By comparison and during the 1975-79 period, with oil prices in today's dollars in the $38-$55/bbl range, world oil demand growth easily averaged 4% annual by volume. Current demand growth rates in the Asia-Pacific region, since 1992 second only to North America as an oil importer and consumer, are generally in the 4%-6% annual range for many regional countries including China and India. It is therefore easy to suggest the "10-year trend" of 1.4% for commercial energy, and about 1.3% annual for oil was an aberration. In addition, if oil prices played any role at all in setting this low growth trend, it was through cheap oil and gas in the 1986-99 period. The main determinant of low demand growth was continually falling rates of economic growth in the OECD countries. Since at latest 1995-1997 this low growth trend has given way to higher annual growth rates, for a large number of reasons notably including faster industrial growth outside the OECD bloc.
This in turn underlines exactly why, in late 1997 and through 1998 it suddenly became rather important for OPEC suppliers, usually enmeshed in a losing battle of oversupplying a relatively 'stagnant' market (again in market cosmology but not in fact), to vigorously increase supply. The 10% increase decided at the December 1997 Jakarta meeting was - several months later - saluted by a tripling of prices, after a 'ritual' price crash. The real world fact of this change in oil market mythology - the market no longer being 'structurally oversupplied' - is that demand shock had started to act well before 1997. This can be appreciated by comparing annual increases of world demand through 1995-99 with increases through 1990-94.

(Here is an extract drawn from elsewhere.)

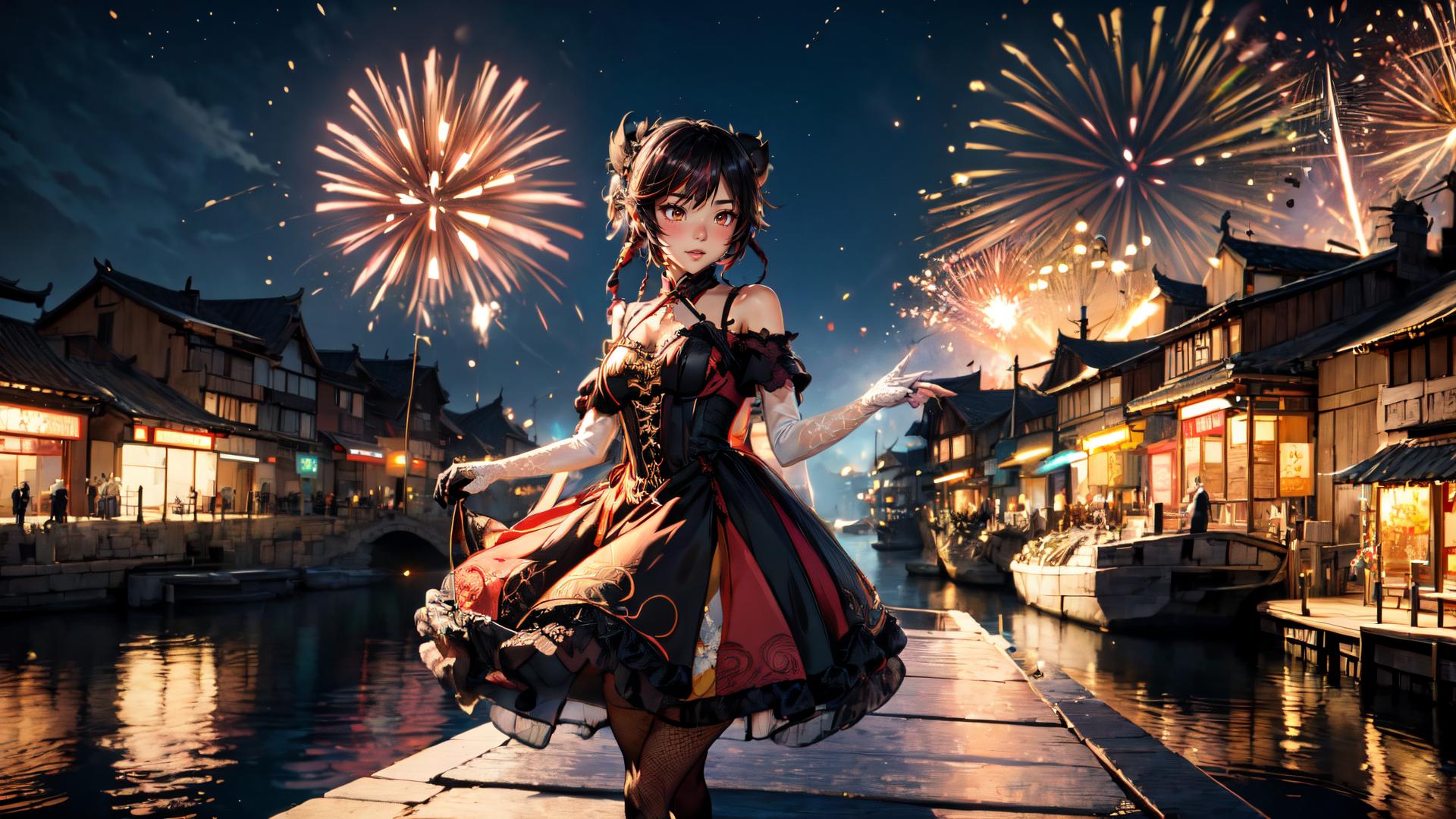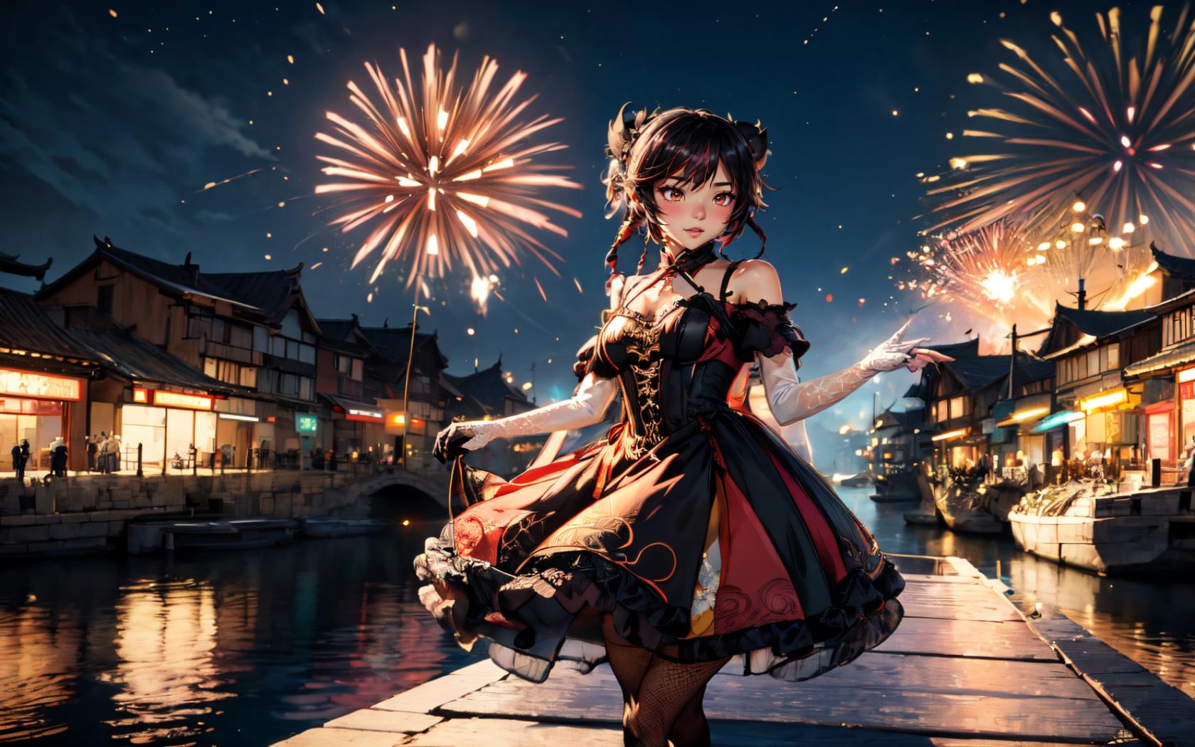 1girl, aerial fireworks, architecture, bangs, bare shoulders, black dress, black hair, blush, boat, bridge, building, cleavage, criss-cross halter, double bun, dress, east asian architecture, elbow gloves, fireworks, fishnets, frilled dress, frills, gloves, hair bun, hair ornament, halter dress, halterneck, jewelry, lantern, medium breasts, night, night sky, open mouth, outdoors, pantyhose, red eyes, reflection, reflective water , scenery, short hair, skirt hold, sky, sleeveless, sleeveless dress, smile, solo, standing, town, water, watercraft, white gloves

The almost complete lack of 'price elasticity' relations between oil prices, and world oil demand can be appreciated from the fact that almost each time oil prices tended to rise demand increased within about 6-12 months. This is particularly flagrant for 1999 compared with 1998: after an approximate tripling in terms of peak-trough year prices world oil demand increased at its highest rate in nearly a decade! Whenever prices fell during the 1990-99 period, demand growth rates tended to fall. This again proves, if proof is needed, that world oil demand is dependent on global economy growth and yearly changes in that growth, and is usually unrelated and un-linked to the oil price except when very, very high prices are attained in a very short period of time. Over the short-term, and depending on prices attained, demand often increases as prices rise.
This above can be better appreciated when annual price variations for major volume traded crudes are expressed in constant 2003 US dollars, as shown below:

World potential demand is almost unlimited
Insofar as potential demand is concerned, any supplier (whether OPEC or not) should be joyful, or very concerned for their forward national security when serious analysis is given to real world oil demand structures and growth drivers. These are are all, finally, due to demographic and economic growth, to conventional technology used in the economic process, and to the very slow progress in finding real, economic, and effective substitutes for oil, gas or even coal.
Oil remains the economic 'swing fuel' par excellence, and oil price increases - up to certain supposedly 'extreme' levels - always tend to increase or restore economic growth at the world or 'composite' level. In addition oil shock or sudden and large price increases, or slower acting but large price rises that 'stick' also change the type of growth towards more energy-intense industrial and manufactured products, away from more services based, lower energy activities. This 'perverse' factor itself increases oil intensity of world economic output and raises the 'oil coefficient' or percentage increase in oil demand for a percentage point growth of the economy. This macroeconomic change can affect all economies, some faster than others, during a certain time period. Wholly unlike the stock of myths, and 'facts' without foundation that circulate inside the oil market trading community these effects can be measured and have predictive value. In brief, a regime of higher oil and energy prices will tend to lever up world composite or global economic growth rates. This, in turn, produces the 'perverse result' of firm demand for much more costly oil and gas.
Oil demand drive elements - 'demographic' demand
Current oil demand worldwide extends down from 25.6 barrels/capita/year (bpy) for the USA to well below 0.2 bpy in rural areas of low income developing countries (LDCs). The world average, which fell slowly for around 15 years through 1978-93, is about 4.5 bpy. As a pure projection, if the world's current 6.3 Bn population consumed oil at current US per capita rates this would generate a demand of around 445 Million barrels/day (Mbd). At the other extreme, at 0.2 bpy world total oil demand would be telescoped to less than 3.5 Mbd. The current, real world average of 4.5 bpy is around one-third the average for European Union countries, and more than 4 times that of India, and over 3 times that of China - which will soon become the world's biggest industrial economy. Annual increase of the world's population (which is continuing to fall as a percentage rate, and in absolute numbers) is now running at about 85 Million. At the world average of 4.5 bpy this itself generates a 'latent' or potential growth in world oil demand of about 1.06 Mbd annual, assuming no change in the energy economy, no fuel substitution, and also no economic growth.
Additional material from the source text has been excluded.